Single chip detects optical interruptions

-March 01, 2001

Setting up a light beam and detector to count objects on a conveyer belt, sense security intrusions, or drive a tachometer is simple. However, the task is no longer trivial if you add ambient light or multiple beams, limit optical power, or extend the distance of the light beam more than a few inches. You can use optical lenses and filters and high-power optical sources on the light-path side to improve performance. On the electronic side, servo-bias control of the detector and electronic modulation and filtering of the light beam can add considerable range. The circuit in Figure 1, which you can use with these performance improvements, economically provides a minimal-parts-count circuit with negligible power requirements to achieve approximately a foot of useful range even under varying ambient-light conditions.

The venerable LM567 PLL is the only IC in the circuit. The 567's oscillator directly drives an infrared LED on the optical-transmitter end. When the pulsed light returns to the IR phototransistor, a single-stage 2N2222 transistor amplifies the resultant signal to drive Pin 3 of the LM567. Thus, the circuit essentially directs the PLL to lock to itself, which makes Pin 8 go low. The values of R1 and C1 provide operation of approximately 3 kHz, and the filters set by C2 and C3 provide a clean output from the 567. Operation from 2 to 5 kHz works best. Lower frequencies require more conditioning and thus larger and more critical values of C2 and C3, resulting in longer response times and possible jitter.

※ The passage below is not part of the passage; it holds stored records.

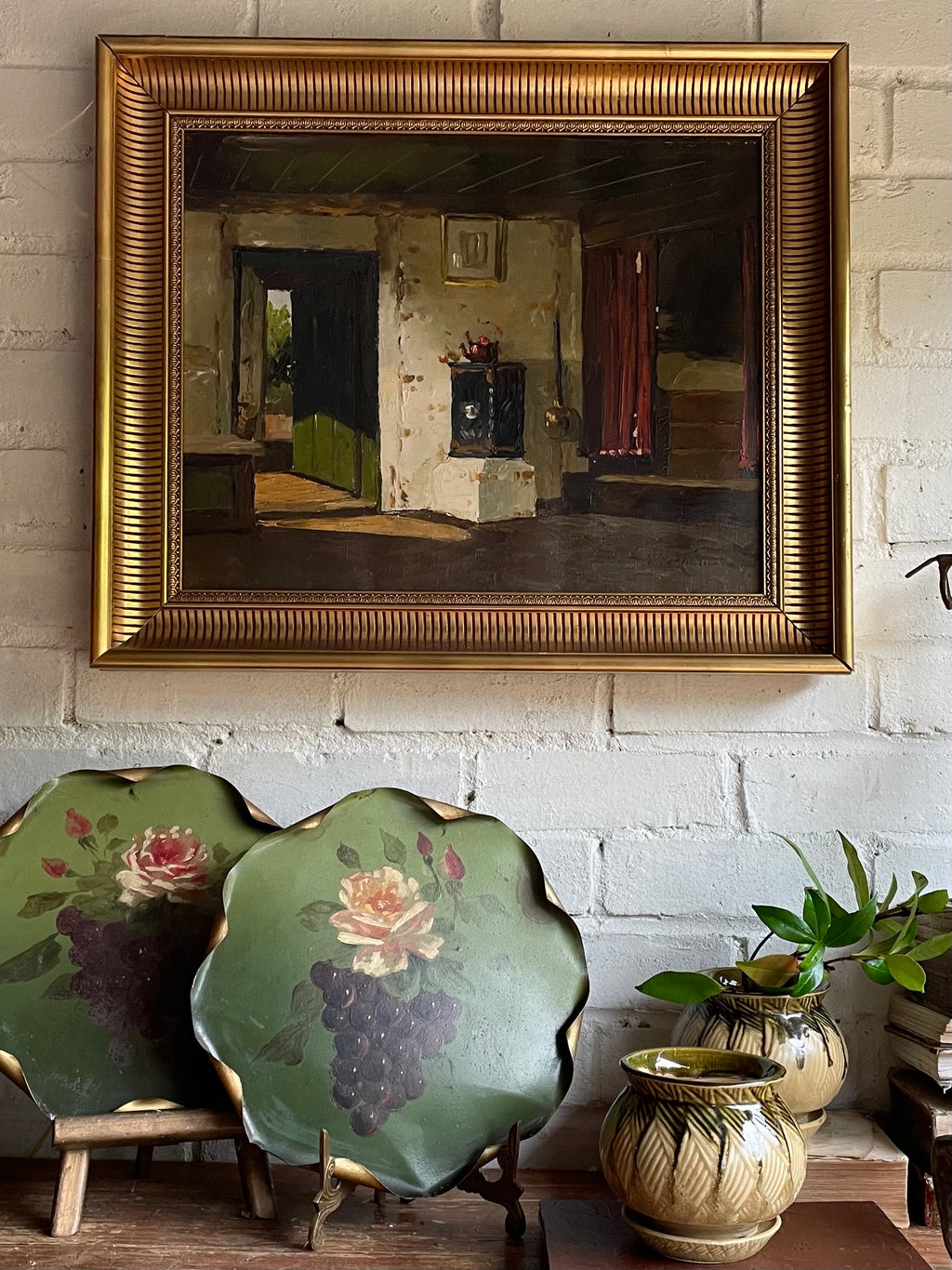 Still Life with an Open Door: Oil on Canvas with Gilt Frame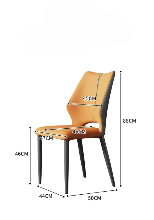 This luxurious leather dining chair adds an elegant and distinctive touch to any space. Made from a durable, high-quality metal base, it boasts a modern design and exceptional comfort. Available in multiple colors, it comes with a two-year warranty against manufacturing defects.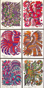 動(dòng)物系列繪畫(huà),從扎實(shí)而靈動(dòng)的速寫(xiě)與設(shè)計(jì)稿直至近似完美的正式作品,都蘊(yùn)含了畫(huà)家捕捉物象的執(zhí)著與機(jī)敏,提煉造型的睿智與不懈,有了心血與摯愛(ài)的投入,那成竹在胸別具一格的小貓小狗小豬小鵝小猴也就躍然紙上呼之欲出了。在長(zhǎng)方形的深色卡紙上,那銀色勾勒的活靈活現(xiàn)的百魚(yú)圖,讓我們沉醉于湛藍(lán)的海洋世界;在四方形的白色鏡框中,那七彩斑斕的百雞圖,讓我們迷戀于鄉(xiāng)間的濃郁風(fēng)情;還有鞠躬盡瘁一生奉獻(xiàn)膂力雄強(qiáng)的牛群系列,馳騁千里挾帶雄風(fēng)英姿勃勃的駿馬圖騰……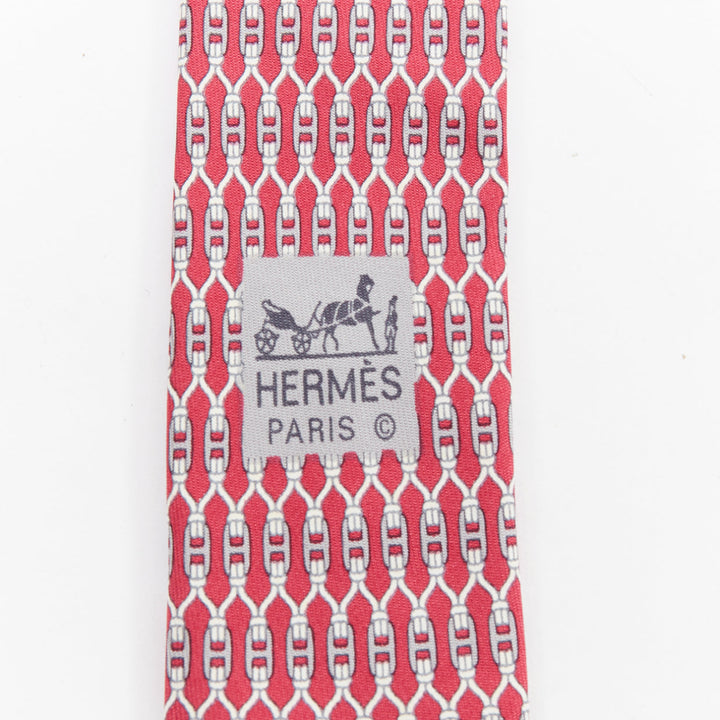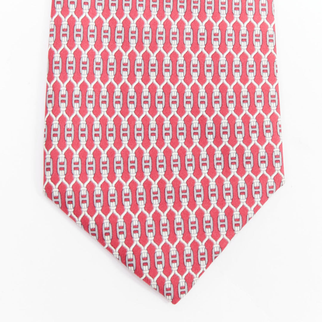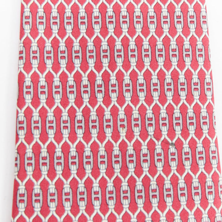 HERMES 7199 UA red grey signature H chain lock print silk tie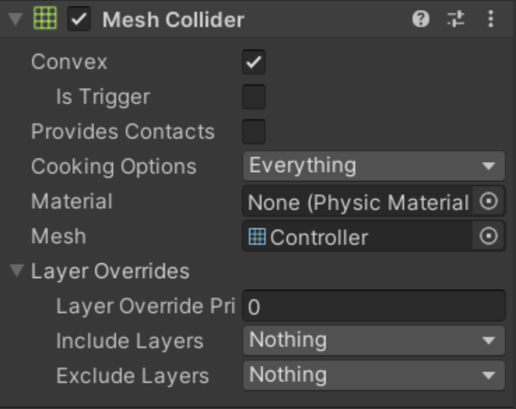 We leave the collision layer set to “Default” as we don’t need any additional layers for this example. We make sure as well that “is Trigger” is unchecked, as otherwise the controllers will not detect the mesh.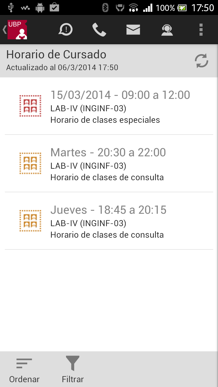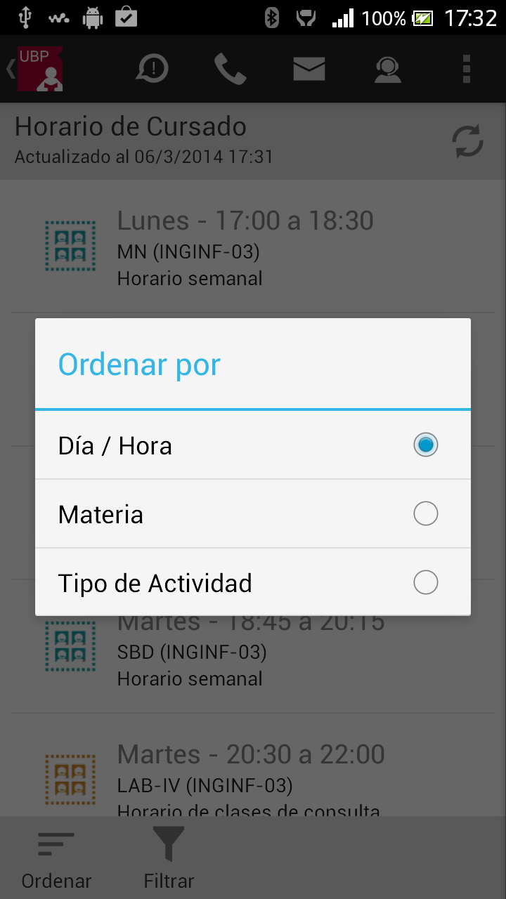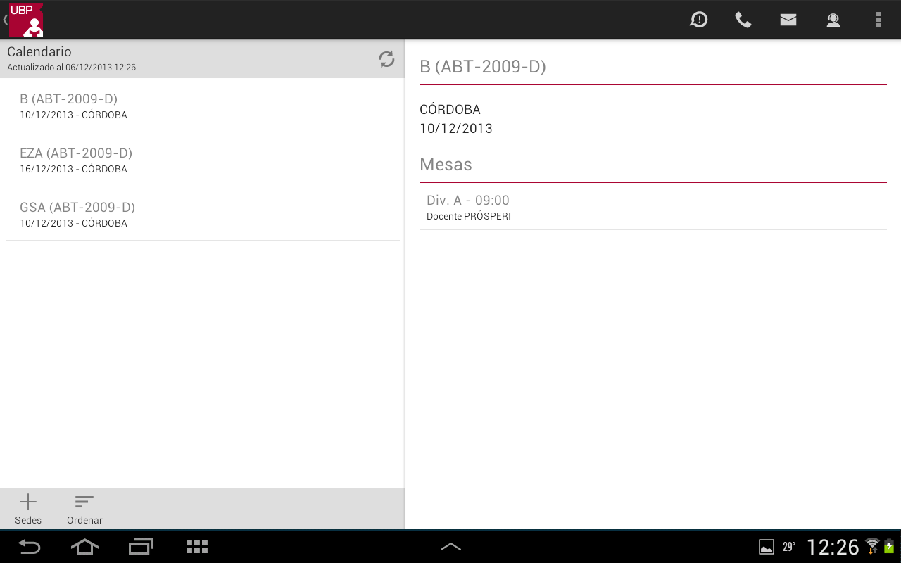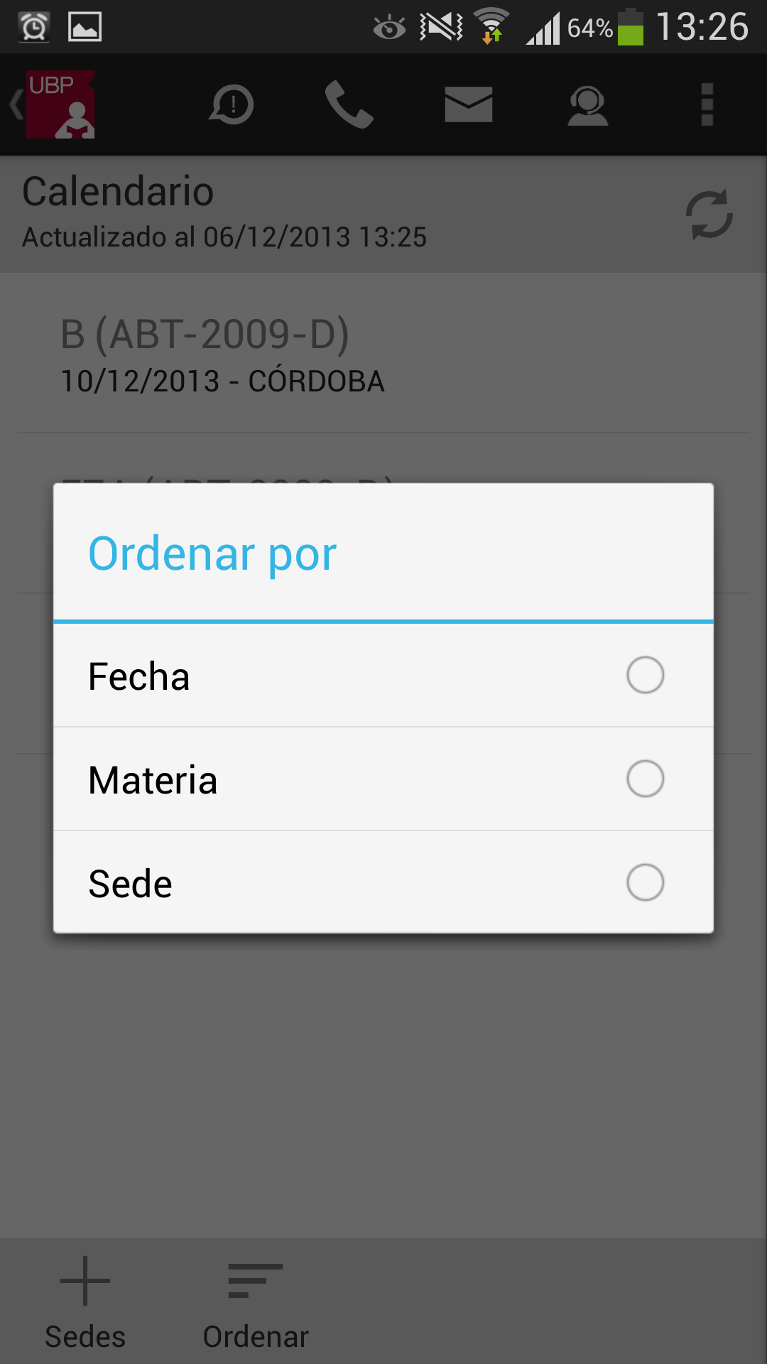 - Ordenar: Permite ordenar la lista por: fecha, materia o sede. Esta selección quedará registrada como su favorita.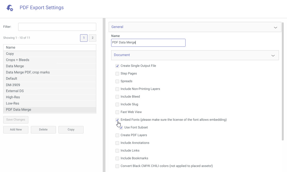 Setting up your PDF export settings, specifically for data merge templates, ensures that your publications are organized and named correctly. This guide will walk you through the steps to create a Data Merge PDF export setting in the CHILI Back Office.

Higher frequencies result in lower efficiencies for the cheap LED and phototransistor. However, tachometers may require higher frequencies. IR components are unnecessary. Two same-color LEDs (one for the photo detector) also work to a degree.

Ambient light or another beam breaker's IR light doesn't false-trigger the circuit unless significant near-frequency light content exists. However, ambient light can swamp the detector, so you may need to adjust the R2 bias for your application. Of course, using a self-adjusting module with IR filters can easily increase the range by two orders of magnitude.

One interesting variation of the circuit is to use two or more devices on the same frequency, forming a ring. All devices lock, and both ends detect a break in any beam or a modulation of the frequency of any device for communication.